Joshua Reynolds first painted Fox in 1762, when Fox was just 13. The portrait, now in a private collection, shows Fox in the garden of Holland House with his cousin, Lady Susan Fox, and aunt, Lady Sarah Bunbury. Fox was painted by Reynolds again in 1764-65, shortly after leaving Eton College (Eton College collection).
Reynolds’ original version of this work was commissioned in 1781-82, as a gift for Fox’s supporter John Crewe, First Baron Crewe. Crewe later presented it to Thomas Coke, first Earl of Leicester. Today it remains in the collection at Holkham Hall, Norfolk, the country seat of the Earls of Leicester.
In common with Fox, the painter Reynolds was not able to count King George III as an admirer.
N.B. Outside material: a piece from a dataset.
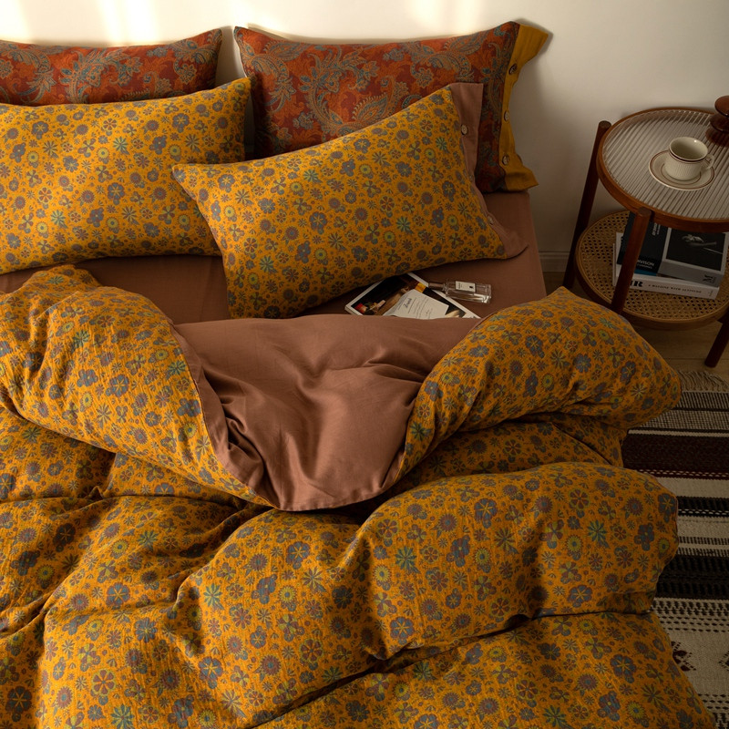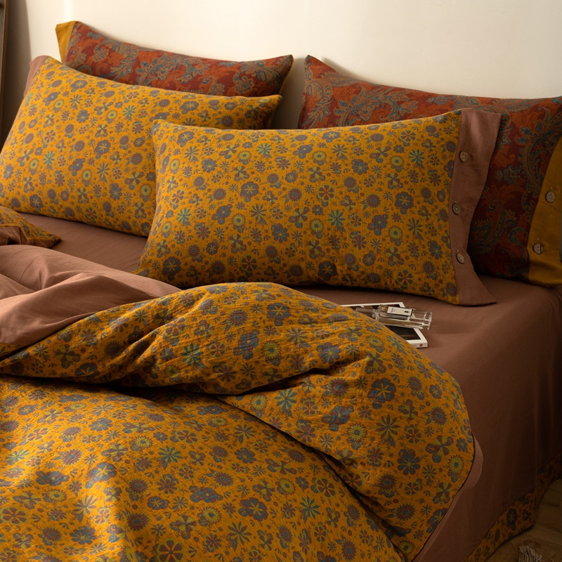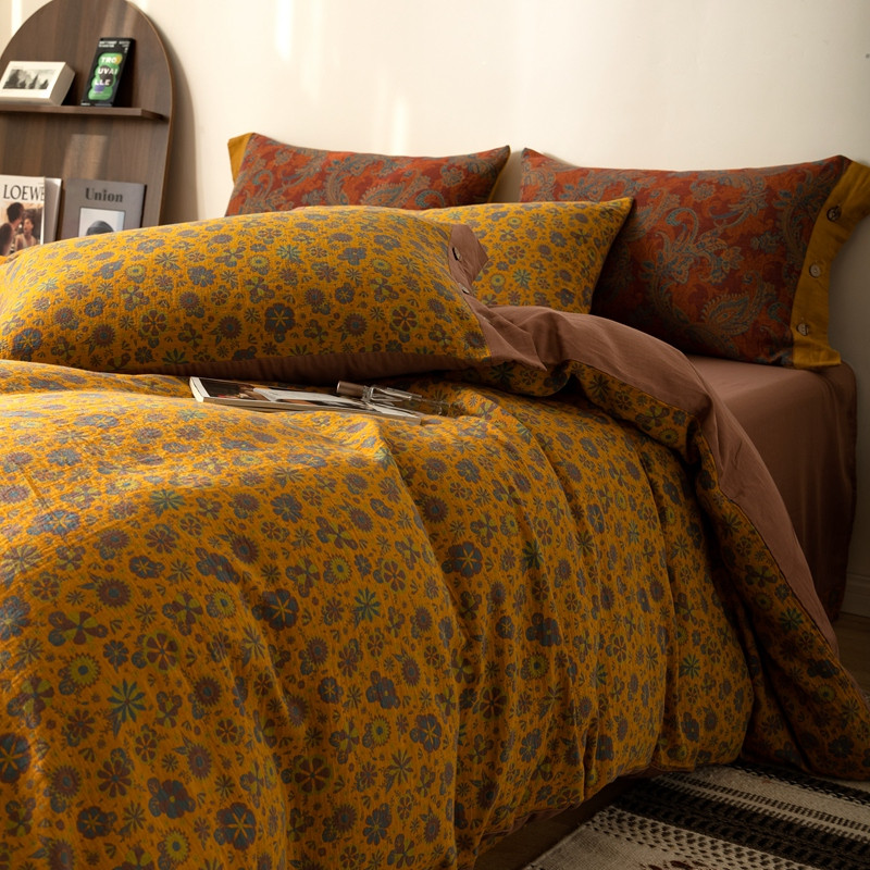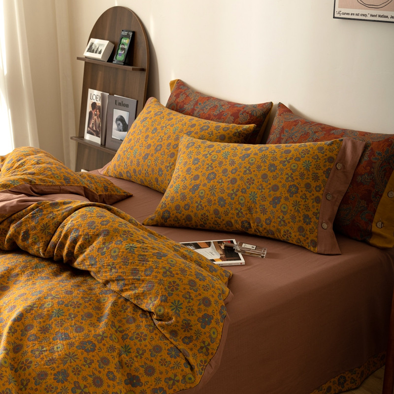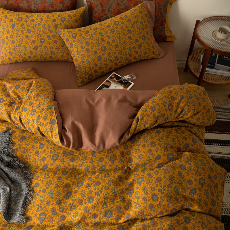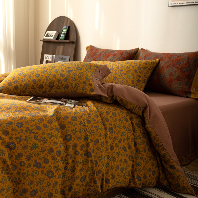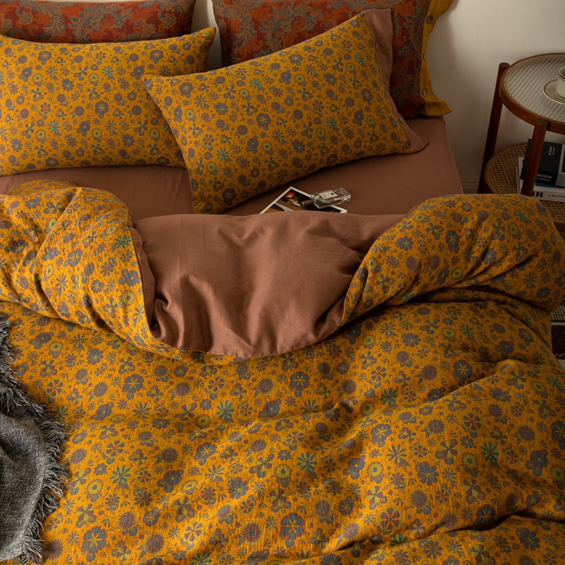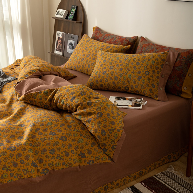 凡客 2022新款全棉A类色织双层纱纽扣款四件套 希尔芙

The King was probably referring to the Holkham Hall painting when he wrote to fencing master Henry Angelo: ‘Yes - yes, very like, very like. Sir Joshua’s picture is finely painted - a fine specimen of art; - but Gillray is the better limner. Nobody hits off Mr Fox like him...’
Joshua Reynolds was the dominant artistic personality during the age of George III. He was born in Plympton, Devon. From 1750 to 1752 he studied the work of the Old Masters in Rome. Reynolds returned via Florence and Paris, and settled in London in 1753. In 1759 he painted a portrait of the future king, George, Prince of Wales (Royal Collection). After George’s accession the following year, Reynolds was dismayed to learn that Allan Ramsay had been made Principal Painter to the King. This marked the beginning of increasing hostility between Reynolds and the King. Nonetheless, by 1760 Reynolds had established himself as the leading portraitist. He became President of the Royal Academy in 1768 and was knighted the following year.